Test-Time Extrapolation : 학습된 Δlogp 방향을 따라 RLVR model의 distribution을 선택적으로 증폭시켜, 추가 training 없이 reasoning accuracy를 개선하는 test-time augmentation 기법.
Advantage Reweighting : Training 과정에서 low-probability tokens에 대한 learning signal을 증폭시켜 reasoning performance를 향상시키는 training-time method.
Sparse Updates : RLVR이 LLM의 output sequence 내에서 소수의 critical tokens에만 변화를 주어 reasoning capability를 개선하는 현상.

2. Motivation & Problem Statement (연구 배경 및 문제 정의)

Large Language Models (LLMs)의 reasoning capability는 Reinforcement Learning with Verifiable Rewards (RLVR)와 같은 기법을 통해 크게 발전했습니다. 기존 연구들은 RLVR로 인한 변화가 output sequence의 small subset of tokens에만 영향을 미치는 sparse 하다는 점을 일관되게 보여주었지만, 주로 이러한 update의 magnitude 에 초점을 맞추어 왔습니다. 그러나 magnitude-based metrics (예: entropy, KL divergence)는 Figure 1(b)에 나타난 바와 같이 base model과 RLVR model 간의 분포 변화를 충분히 특성화하지 못하며, 이는 두 모델의 histogram이 거의 identical하기 때문입니다. 이러한 한계는 RLVR이 어떻게 reasoning gains를 제공하는지에 대한 심층적인 이해를 방해하며, update의 direction 이 간과되어 왔음을 시사합니다. 본 연구는 이러한 gap을 해결하고 RLVR update의 direction을 분석함으로써 LLM reasoning 개선을 위한 새로운 통찰력을 제공하고자 합니다.

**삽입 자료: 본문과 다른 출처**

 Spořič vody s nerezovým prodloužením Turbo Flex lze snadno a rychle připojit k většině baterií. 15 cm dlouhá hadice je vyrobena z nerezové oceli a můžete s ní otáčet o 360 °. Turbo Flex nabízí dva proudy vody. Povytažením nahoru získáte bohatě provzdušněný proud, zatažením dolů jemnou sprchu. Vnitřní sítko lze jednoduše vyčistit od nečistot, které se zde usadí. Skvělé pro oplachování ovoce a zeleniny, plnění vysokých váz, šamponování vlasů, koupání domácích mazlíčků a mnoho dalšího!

3. Method & Key Results (제안 방법론 및 핵심 결과)

저자들은 RLVR update의 direction 을 분석하기 위해 Signed, Token-Level Log Probability Difference (Δlogp) 를 핵심 metric으로 제안합니다. Δlogp는 base model (πBase)과 RLVR model (πRL) 간의 token-level log probability 차이를 나타내며, positive value는 πRL이 해당 token의 probability를 증가시켰음을, negative value는 감소시켰음을 의미합니다. Figure 1(b)에서 Δlogp의 histogram은 명확한 bimodal pattern 을 보여주며, 이는 magnitude-based metrics에서는 나타나지 않는 directional signature를 포착함을 입증합니다.

저자들은 Selective Token Replacement 실험을 통해 Δlogp의 utility를 검증했습니다. 이 실험에서는 각 metric(entropy, KL divergence, Δlogp)이 식별한 salient positions에서 base model의 token을 RLVR model의 token으로 교체하여 reasoning performance를 측정했습니다. Figure 1(c)와 Figure 2에서 볼 수 있듯이, Δlogp를 기준으로 token을 선택하는 것이 가장 적은 수의 replacement (약 10% 의 tokens)로 RLVR-level performance를 회복하여, reasoning-critical updates를 정밀하게 식별하는 Δlogp의 우수성을 보여줍니다. 이는 magnitude-only metrics보다 더 높은 precision을 가집니다.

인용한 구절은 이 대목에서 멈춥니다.